**What you are asked to do**
In the data below, find the line containing "EYE WASH & SHOWER UNIT", then set down that line and every later line up to and including the line containing "Fresh paint 2022", exactly.
━━━━━━━━━━
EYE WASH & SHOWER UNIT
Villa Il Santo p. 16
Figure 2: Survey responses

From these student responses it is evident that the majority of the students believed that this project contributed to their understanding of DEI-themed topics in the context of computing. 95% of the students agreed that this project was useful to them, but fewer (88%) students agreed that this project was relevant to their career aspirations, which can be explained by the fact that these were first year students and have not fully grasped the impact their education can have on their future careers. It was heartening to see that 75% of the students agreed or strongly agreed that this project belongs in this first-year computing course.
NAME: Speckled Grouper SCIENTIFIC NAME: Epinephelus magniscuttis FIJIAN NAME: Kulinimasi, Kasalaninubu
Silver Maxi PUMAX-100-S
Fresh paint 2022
━━━━━━━━━━
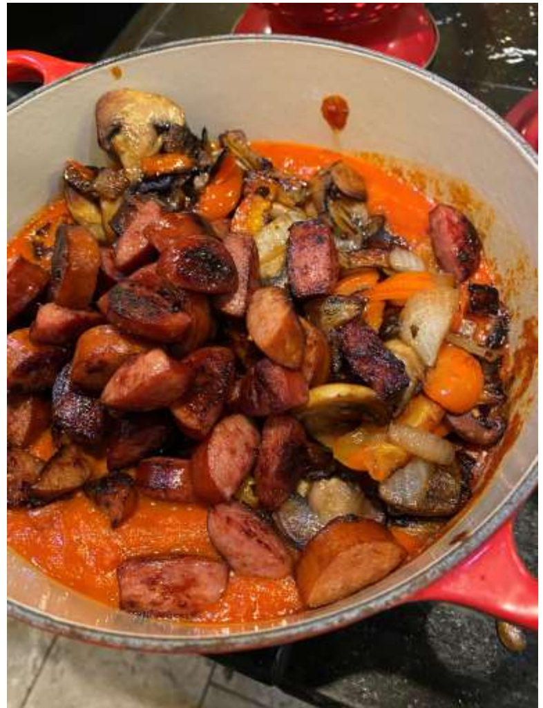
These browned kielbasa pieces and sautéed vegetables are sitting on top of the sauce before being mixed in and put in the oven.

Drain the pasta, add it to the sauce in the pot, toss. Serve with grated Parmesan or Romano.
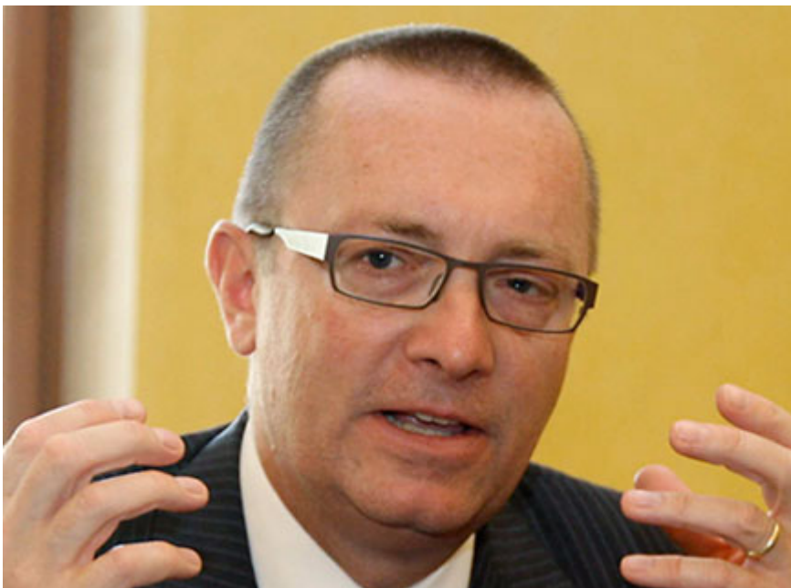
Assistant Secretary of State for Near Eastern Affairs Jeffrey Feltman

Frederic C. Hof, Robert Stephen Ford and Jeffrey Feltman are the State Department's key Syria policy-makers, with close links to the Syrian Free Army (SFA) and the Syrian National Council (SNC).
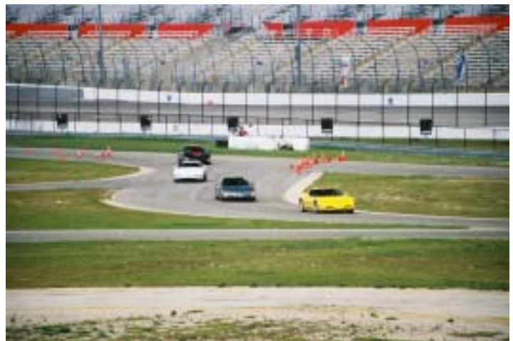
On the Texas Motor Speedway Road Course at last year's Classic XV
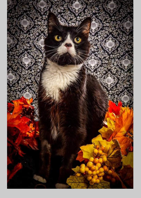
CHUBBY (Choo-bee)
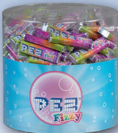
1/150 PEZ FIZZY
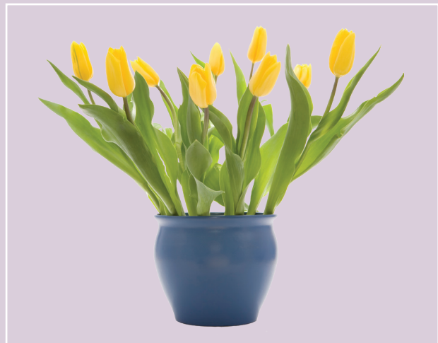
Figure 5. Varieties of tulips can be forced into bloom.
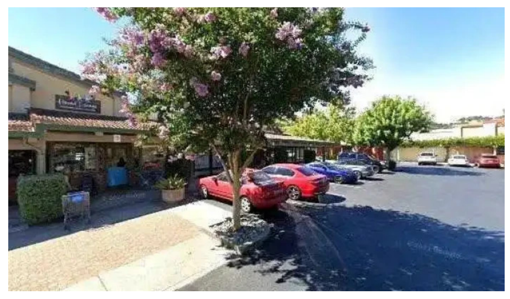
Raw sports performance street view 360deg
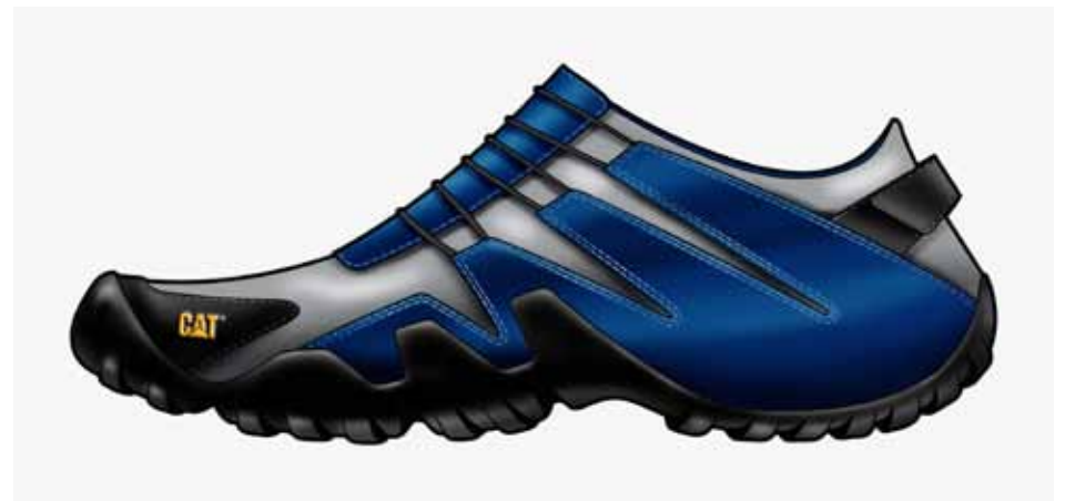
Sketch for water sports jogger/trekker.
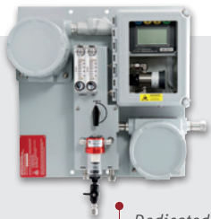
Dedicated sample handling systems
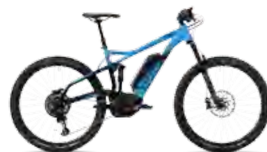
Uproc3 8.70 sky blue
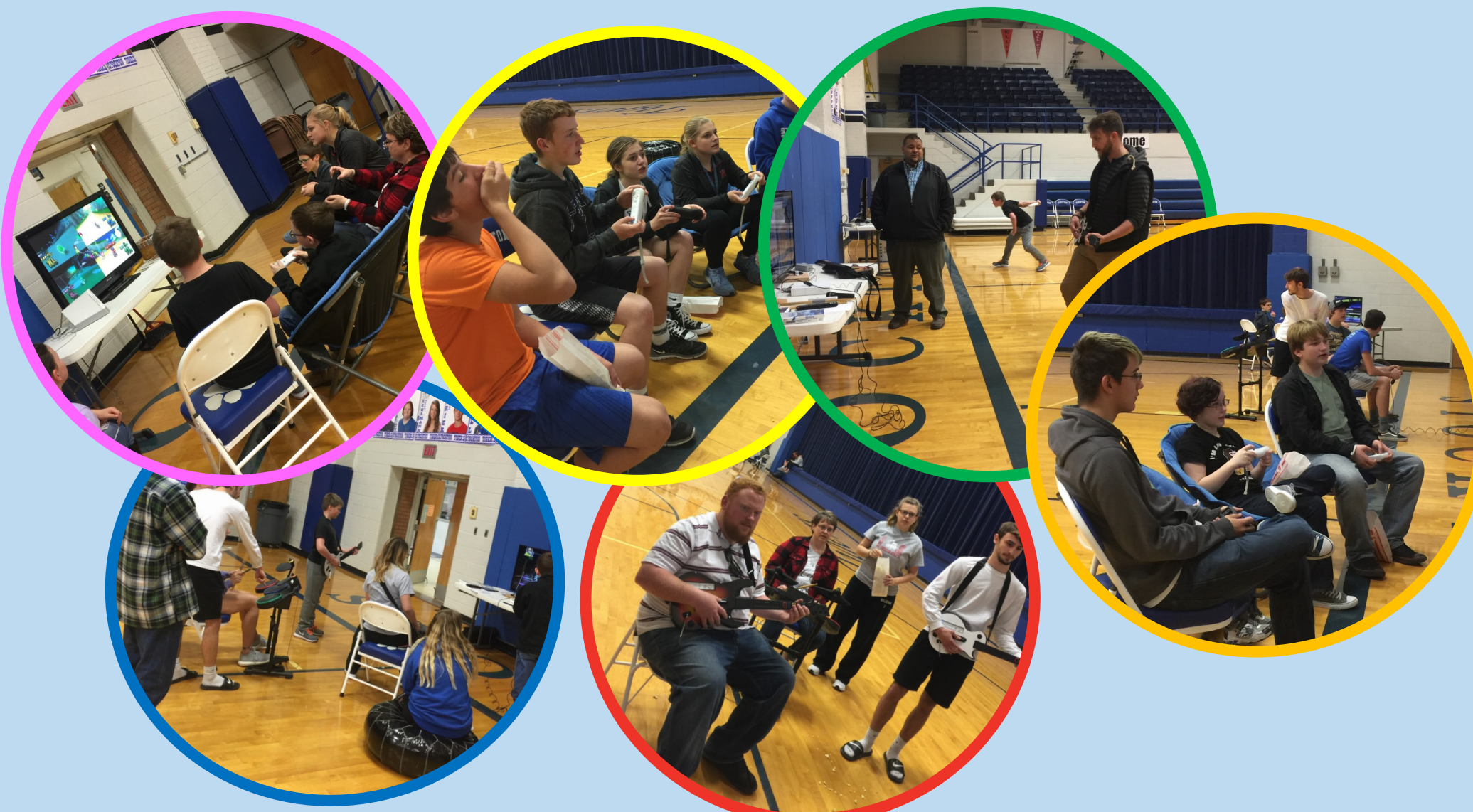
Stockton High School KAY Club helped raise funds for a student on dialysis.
━━━━━━━━━━
**Solution for this problem**
EYE WASH & SHOWER UNIT
Villa Il Santo p. 16
Figure 2: Survey responses

From these student responses it is evident that the majority of the students believed that this project contributed to their understanding of DEI-themed topics in the context of computing. 95% of the students agreed that this project was useful to them, but fewer (88%) students agreed that this project was relevant to their career aspirations, which can be explained by the fact that these were first year students and have not fully grasped the impact their education can have on their future careers. It was heartening to see that 75% of the students agreed or strongly agreed that this project belongs in this first-year computing course.
NAME: Speckled Grouper SCIENTIFIC NAME: Epinephelus magniscuttis FIJIAN NAME: Kulinimasi, Kasalaninubu
Silver Maxi PUMAX-100-S
Fresh paint 2022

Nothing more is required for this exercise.